I never stated I was disappointed nor did I disparage anyone. I stated more clearly the nature of the progress, the goals and driving forces, and the fast approaching limitations. This frees one to respectfully acknowledge and consider what's been done and move forward and beyond it to more capable pastures.

> please examine what's happened and why research has taken the current path before tarnishing researchers with unjustified quips.

Please reduce your sensitivity level so that you can reason yourself to higher planes of consideration. Less emotion and more reasoned/truthful admission. I know exactly what happened to research in a time's past which informed me as to how to conduct myself in the present. I know exactly what driving forces are and I know quite clearly as we all do as to how they influence people. Hinton as well as others now public agree. Microsoft/Google have stated much of the work is overhyped. Hinton says pioneers should scrap everything and start over. LeCun stated that deep learning is approaching a brick wall and overhyped. It's exactly what I said to myself years ago and am stating now and there's zero problems with stating this truth as so many have no brought themselves to state.

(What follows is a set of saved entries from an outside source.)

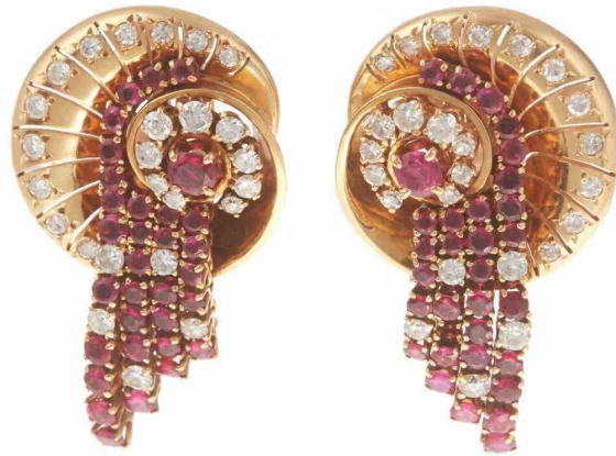
Pair of retro diamond, ruby and 18kt gold ear clips by Van Cleef & Arpels ($13,750).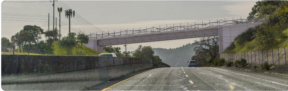
Rendering of Southern Overcrossing (AECOM)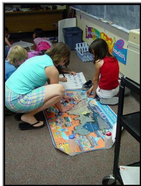
A teacher trying out the draft poster and activities in her classroom before the poster was final.

The images from the poster are available for download from the usual geoscape site: www.geoscpae.nrcan.gc.ca . The two curriculum guides are available for download from the City of Calgary web site: www.calgary.ca/waterservices - click on Youth Education in the left-hand menu and then on Teacher Guides to the Bow River Basin. Please feel free to download whatever you want. Most of the activities can be adapted to any area of Canada with a little forethought.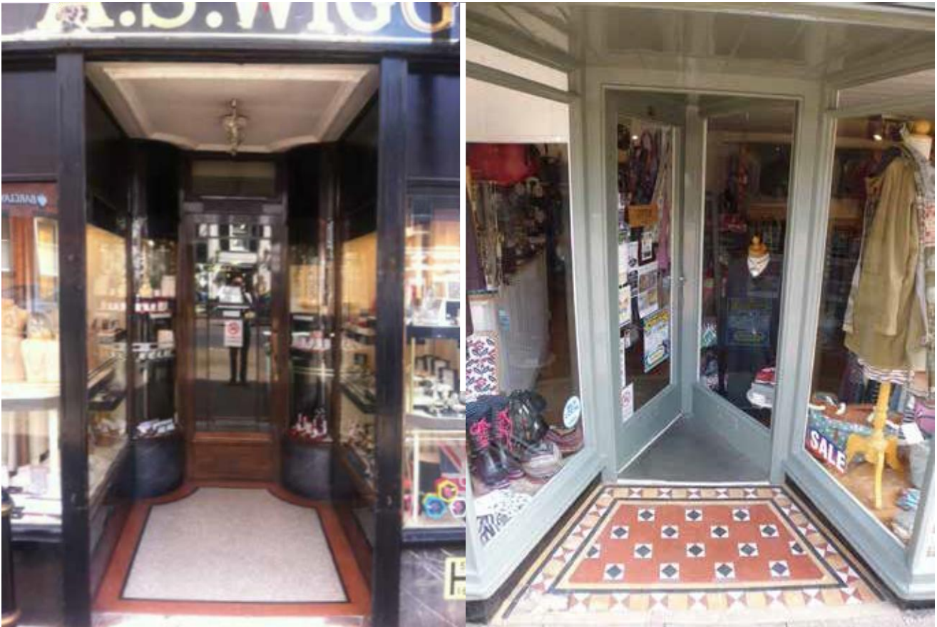
Well designed entrance: recessed, level access and outward opening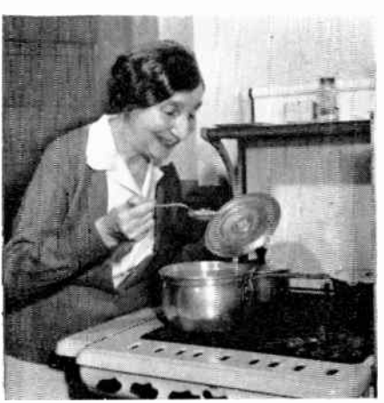
KITCHEN is typical of the old Victorian country house. The living room has almost miraedous acoustical qualities for recording.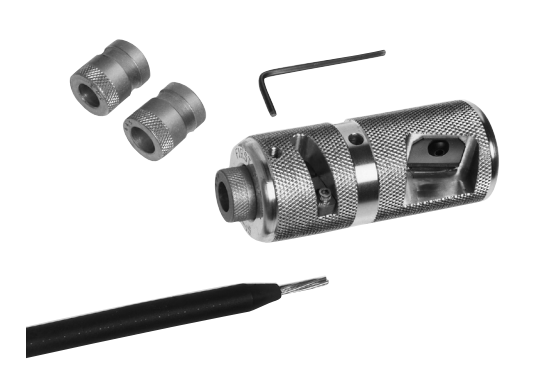
10036-36 Cable Penciller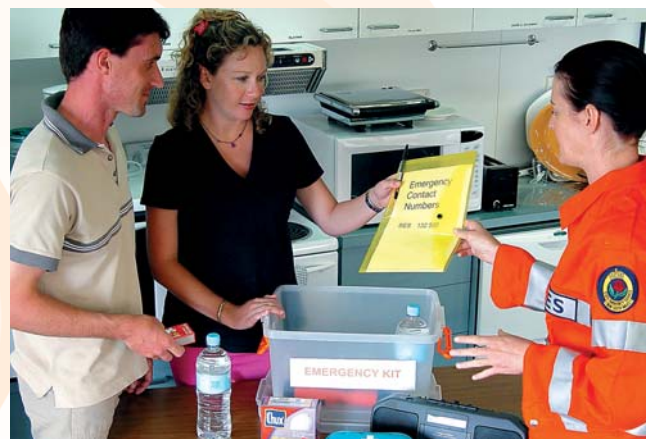
Every family and business should make an emergency kit.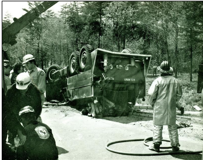
1966 Kaiser-Fire Master Class 530B USA 8C7815.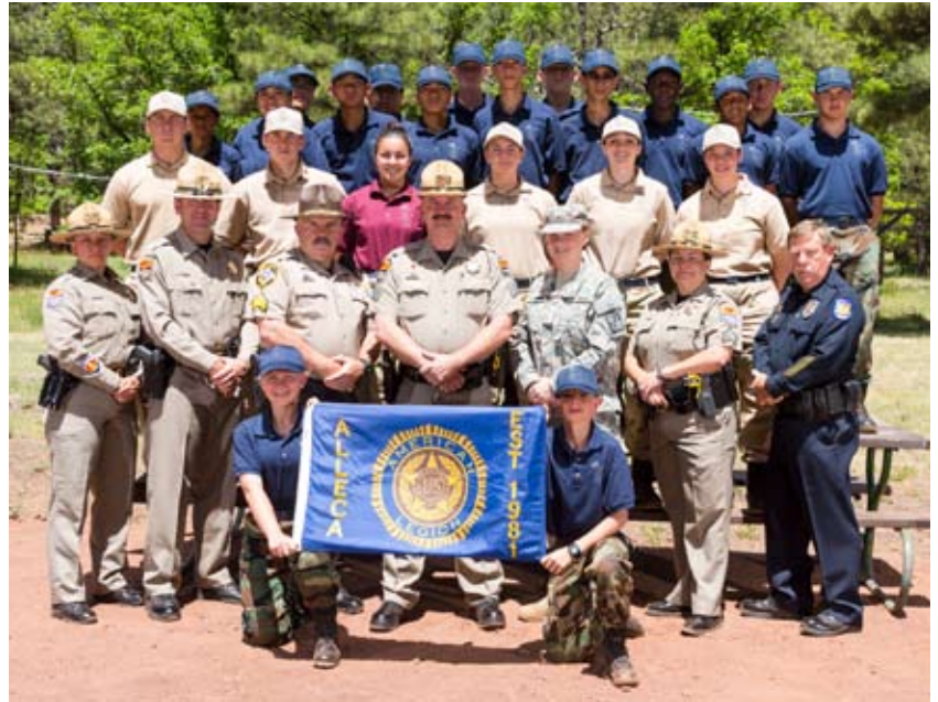
ALLECA Class 2014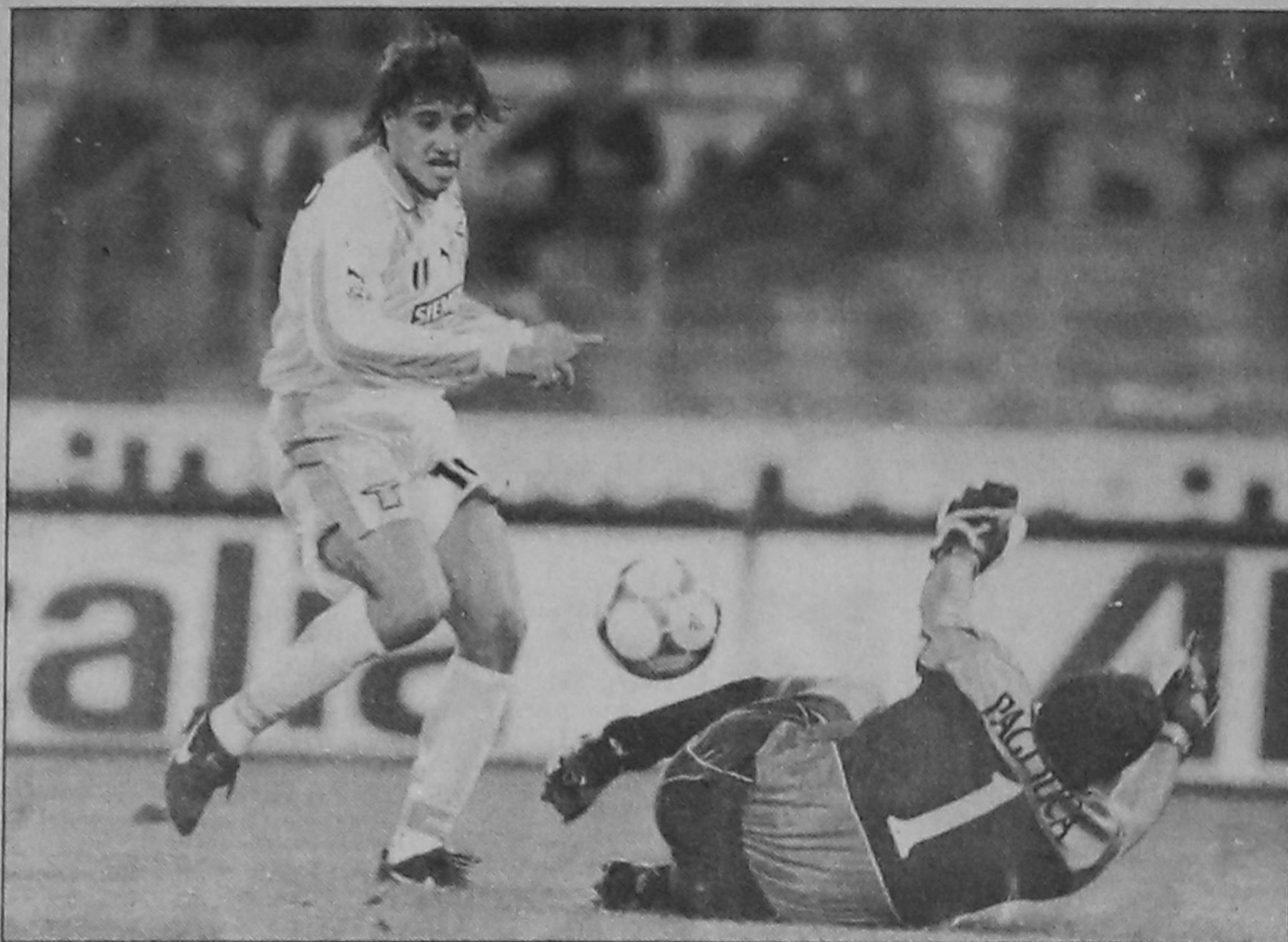
Hernan Crespo, the Lazio super-striker, outsmarting Bologna custodian Gianluca Pagliuca to score during their Serie A match at Rome on November 4.

The ban means McCarthy misses the next two World Cup qualifiers early next year against Burkina Faso and Malawi.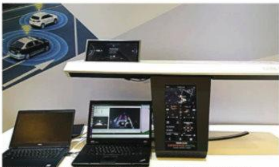
Tata Elxsi's eCockpit solution addresses all the requirements of a full-feature vehicle cockpit, supporting infotainment, instrument cluster, HUD and ADAS functionalities on a single SoC (System-on-a-Chip) while maintaining the highest levels of safety, security and performance.

still decades away from teleportation, self-driving technologies have started making their mark in the automotive space. While it may some time before fully autonomous vehicles become a common feature on roads, some technologies, which help replace some manual functionality to autonomous capabilities, have started entering the global as well as the Indian markets.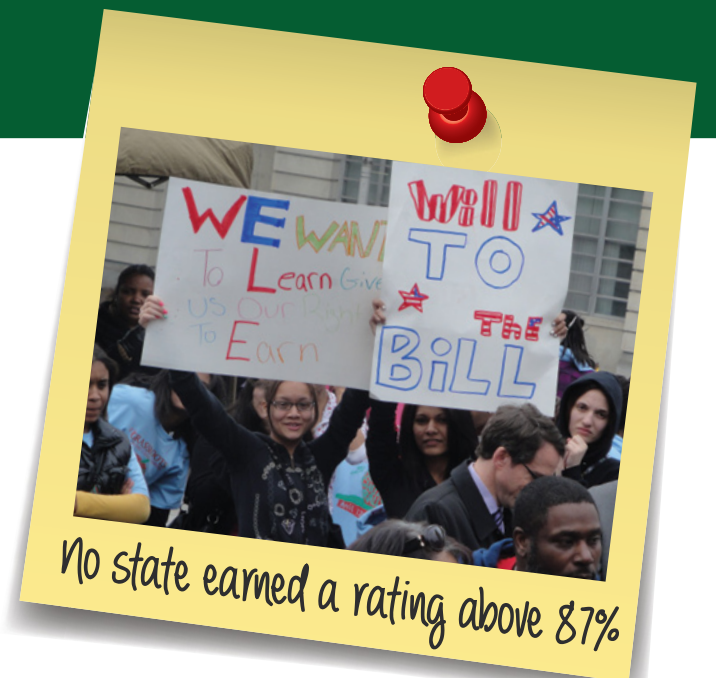
No state earned a rating above 87%

High Parent Power! scores stem from a strong charter school law, with multiple and independent charter authorizers and no cap on the number of charter schools that can be created. Choice programs such as scholarships and online learning are available to students to attend better schools no matter what their socio-economic status or zip code. Teacher effectiveness is regularly assessed and is based heavily on student achievement and growth. Information about schools and local elections is transparent and easy to access for parents. Typically, these states are more reliable in their media coverage of education-reform issues and have, or had at one point in time reform-minded executives leading their state.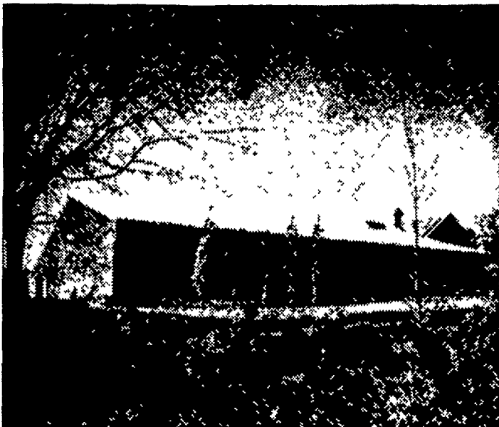
Not all Agway buildings are designed for agri-business operation. Some, like this horse barn, fill the bill for country living recreation. Whatever your building need or budget may be, Agway has a solution.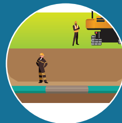
Hi-Grade Steel & Protective Coatings

Source: Liquid Energy Pipeline Association (LEPA)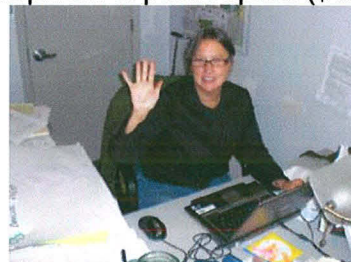
Hired an EPAP Advocate to support project implementation ($125,000)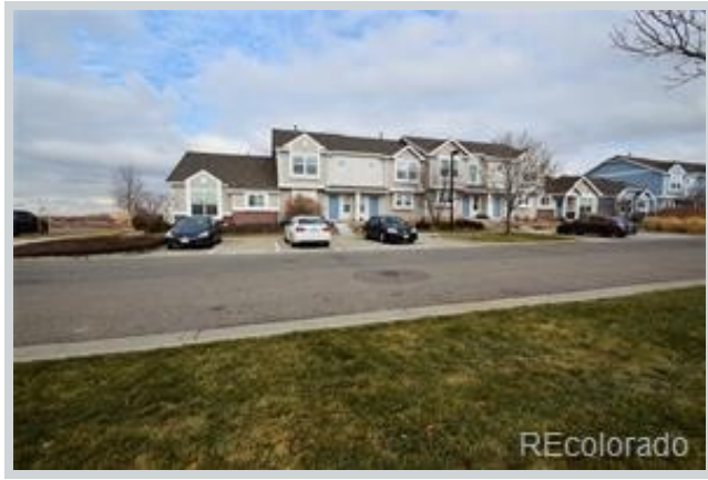
Listing Comp 3 5890 Ceylon St Unit B101 View Front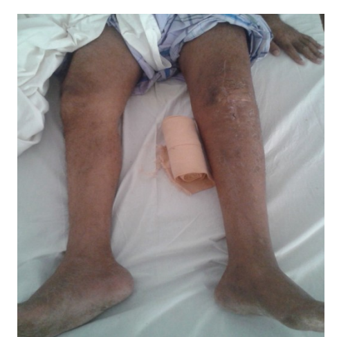
Figure 4: Post operative clinical picture showing he deformity being corrected with healed scar in the midline.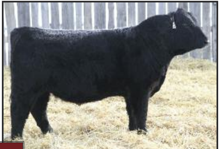
Lot 14 HLC 1220 WARDEN 358A

Check out this Warden son! Out of a great Justamere bred female that is maternal sister to the $31,000.00 Justamere Lacy 397Z that sold to Graden Kay in the 2013 "Soty" sale. A great herd bull in the making, with a pedigree packed full of breed legends!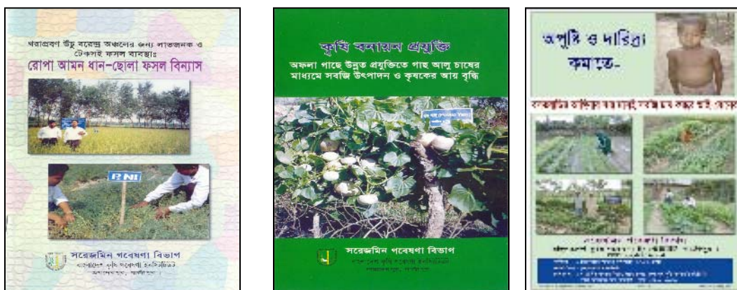
Published technology booklet and poster

Two technology booklets in Bengali language (T.Aman-Chickpea cropping pattern and Dioscorea i. e. potato yam cultivation on non-fruit trees) were published and distributed among the farmers /extension/NGO personnel of the project area. A colored and picture dominated poster on malnutrition, poverty reduction and homestead vegetable cultivation was published and distributed among the stakeholders as per plan. Thus planned option menus preparation, publication and distribution programs were executed fully.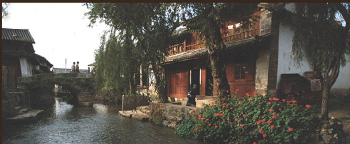
The Old Town of Dayan

Notwithstanding the fact that Dongba culture is essentially of limited local influence, its preservation is a task of international significance. By including the historic town center of Lijiang among the protected UNESCO World Heritage Sites in 1997, the first step to preserve the ancient architecture of the Dongba heartland has been undertaken.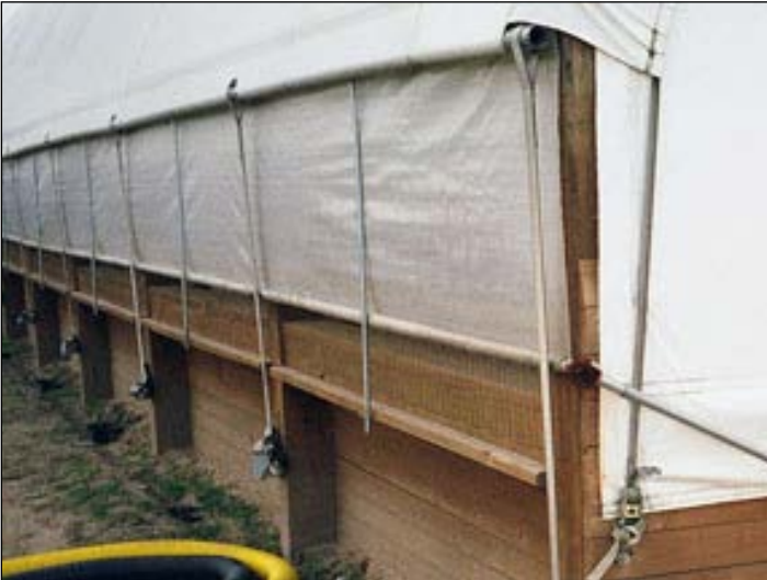
Many hoop structures provide ventilation by leaving the end walls open. Longer hoop buildings add ventilation curtains to the sidewalls that can be adjusted.

I want to preface that I know no more about AI than the average technologist, so I'm not making any claims.

>> Various paths proposed earlier turned out over optimistic and dead end.

> False. Various paths proposed earlier are the same ones being turned into profitable solutions today. They are the same ones underlying the bulk of white papers today. There weren't over optimistic. They weren't dead ends which is why various groups are using them to suck down billions of dollars today. What happened that caused the previous AI winter is that people rushed fundamental research into applied engineering.

How do you fit full brain emulation in that description? And in particular Henry Markram's work with Blue Brain and Human Brain? As far as I know it doesn't have any profitable outcomes, and people have been working at it for decades - and now even with pledge funding by the EU and others to the tune of a billion euros - yet nine years after Markram said we could have a functional human brain in ten years, nothing much seems to have emerged.

How does AlphaZero handle the Knight in chess?
There's a vector encoding "queen moves" and another encoding "knight moves". Between them, they cover all possible chess moves. Knight moves obviously are modelled by "knight moves".

Edit: https://arxiv.org/pdf/1712.01815.pdf

The information you want is on page 13, last paragraph. The previous paragraph describes the representation of the boardd.